Every record below should be transcribed exactly. Omit the images.

## [Data entries]
——

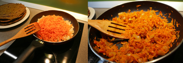 После того, как блины готовы, на новую сковородку выливаем 2 ст. ложки растительного масла и обжариваем лук до золотистого цвета, затем добавляем морковь и обжариваем на среднем огне до мягкости моркови, в конце добавляем 0,5 ч. ложки соли и еще минутку погреем на огне.
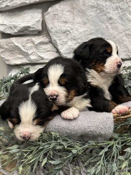 message libertypuppies20 about this ad We have five beautiful pups looking for a forever home! We have two males(black & green) and three females(red, blue, & purple) available! Both parents have had OFA and genetic testing done, with good results! Both parents are on Bernergarde as well! These puppies have highly concentrated import bloodlines, and will come with limited AKC registration papers! They will be up to date on vaccines and dewormer, as well as a vet exam at six weeks old! All dew claws are removed! Pups were born on 2-4-25, and will be ready to go to their new homes around April 1st! Kobe(father) weighs 100 lbs and is a big teddy bear! Hes very well behaved with a laid back and mellow temperament! Lady(Mother) weighs 75 lbs and is super sweet and gentle! She has such a kind soul and is a true Lady! Mother is on site, and visits are welcome! We are asking a $300 nonrefundable deposit to reserve a pup! I reserve pick of the litter in the order that puppies are reserved! The remaining amount will be due at time of pick up! Preferred methods of payment are Venmo or cash! Please reach out for more pictures or information! Calls or text are preferred! Whitney Schwalbach (260)273-3725 libertypuppies20@gmail.com message libertypuppies20 about this ad |
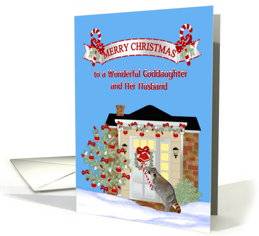 Wish a wonderful goddaughter and her husband a Merry Christmas with an adorable raccoon, Rocky eating a candy cane in front of a cute house decorated for Christmas with ornaments and bows. Background is a pretty blue with candy canes and snowdrift text.
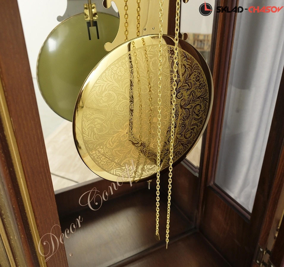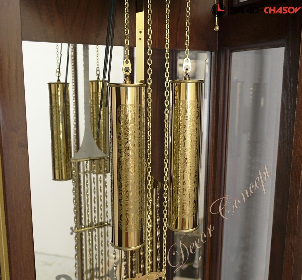 Позолоченные гири и массивный маятник с завершают декоративный ансамбль часов;
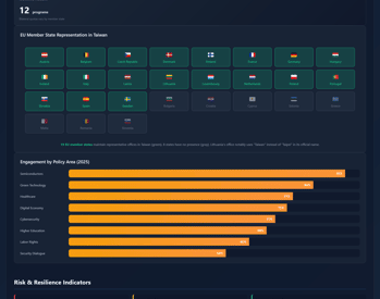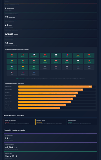 Monitors evolving ties between Brussels and Taipei through parliamentary exchanges, trade volumes, investment screening developments, and cultural cooperation indicators. Updated following European Parliament resolutions and Council position shifts. Click the image to view:
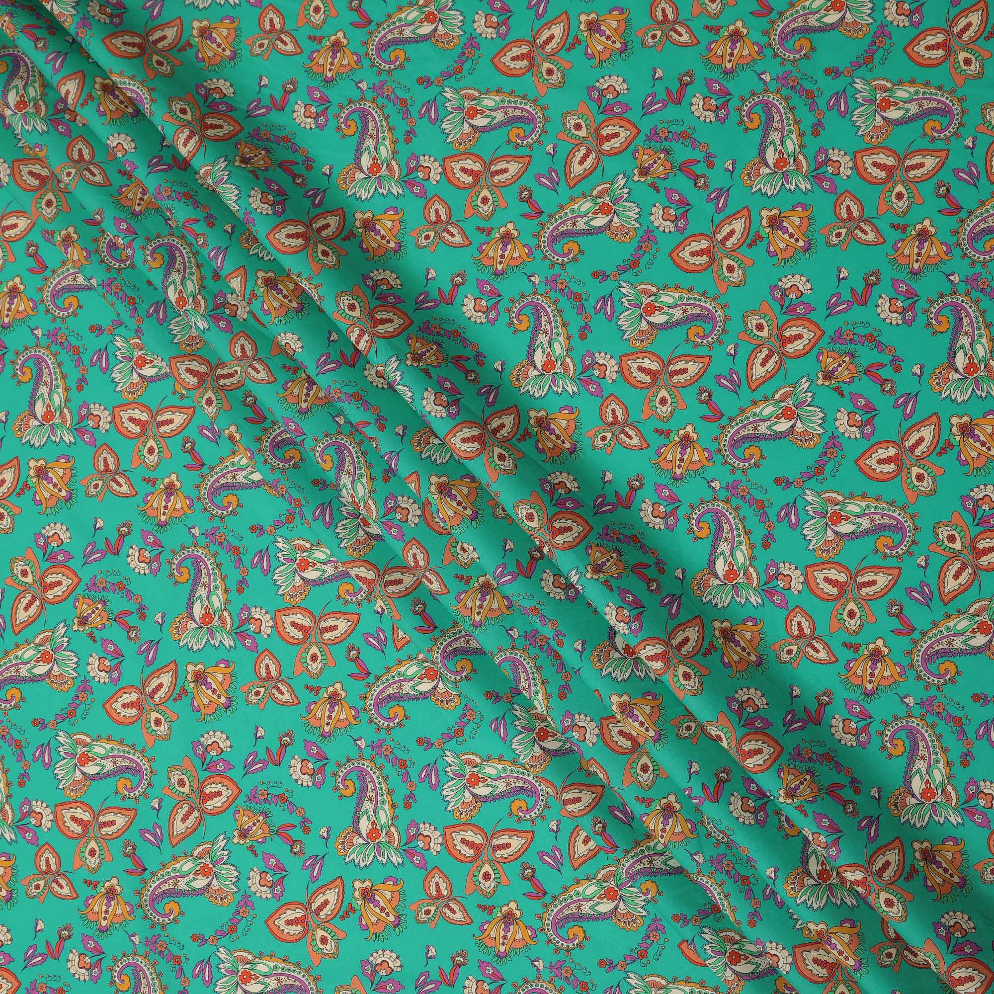 Teal Green Paisley Floral Printed Premium Spanish 100% Cotton Voile Fabric Soft Lightweight Breathable Apparel Craft Textile 150 Cms Wide, Made in Spain-D27509
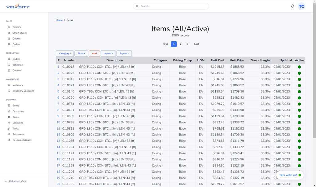 The Item Catalog is used Velosity in two ways. First, Smart Quote uses the Item Catalog is present to the user the options available for a particular Attribute. Secondly, Smart Quote uses the Item Catalog to to automatically create the Bill of Material. The Item Catalog should represent the complete set of what a Company wants to offer for a particular product. The Item catalog can be maintained within Velosity, or managed externally (Excel, ERP) and synchronized via import or ERP integration.

——

## [RESPONSE AREA]
 После того, как блины готовы, на новую сковородку выливаем 2 ст. ложки растительного масла и обжариваем лук до золотистого цвета, затем добавляем морковь и обжариваем на среднем огне до мягкости моркови, в конце добавляем 0,5 ч. ложки соли и еще минутку погреем на огне.
 message libertypuppies20 about this ad We have five beautiful pups looking for a forever home! We have two males(black & green) and three females(red, blue, & purple) available! Both parents have had OFA and genetic testing done, with good results! Both parents are on Bernergarde as well! These puppies have highly concentrated import bloodlines, and will come with limited AKC registration papers! They will be up to date on vaccines and dewormer, as well as a vet exam at six weeks old! All dew claws are removed! Pups were born on 2-4-25, and will be ready to go to their new homes around April 1st! Kobe(father) weighs 100 lbs and is a big teddy bear! Hes very well behaved with a laid back and mellow temperament! Lady(Mother) weighs 75 lbs and is super sweet and gentle! She has such a kind soul and is a true Lady! Mother is on site, and visits are welcome! We are asking a $300 nonrefundable deposit to reserve a pup! I reserve pick of the litter in the order that puppies are reserved! The remaining amount will be due at time of pick up! Preferred methods of payment are Venmo or cash! Please reach out for more pictures or information! Calls or text are preferred! Whitney Schwalbach (260)273-3725 libertypuppies20@gmail.com message libertypuppies20 about this ad |
 Wish a wonderful goddaughter and her husband a Merry Christmas with an adorable raccoon, Rocky eating a candy cane in front of a cute house decorated for Christmas with ornaments and bows. Background is a pretty blue with candy canes and snowdrift text.
 Позолоченные гири и массивный маятник с завершают декоративный ансамбль часов;
 Monitors evolving ties between Brussels and Taipei through parliamentary exchanges, trade volumes, investment screening developments, and cultural cooperation indicators. Updated following European Parliament resolutions and Council position shifts. Click the image to view:
 Teal Green Paisley Floral Printed Premium Spanish 100% Cotton Voile Fabric Soft Lightweight Breathable Apparel Craft Textile 150 Cms Wide, Made in Spain-D27509
 The Item Catalog is used Velosity in two ways. First, Smart Quote uses the Item Catalog is present to the user the options available for a particular Attribute. Secondly, Smart Quote uses the Item Catalog to to automatically create the Bill of Material. The Item Catalog should represent the complete set of what a Company wants to offer for a particular product. The Item catalog can be maintained within Velosity, or managed externally (Excel, ERP) and synchronized via import or ERP integration.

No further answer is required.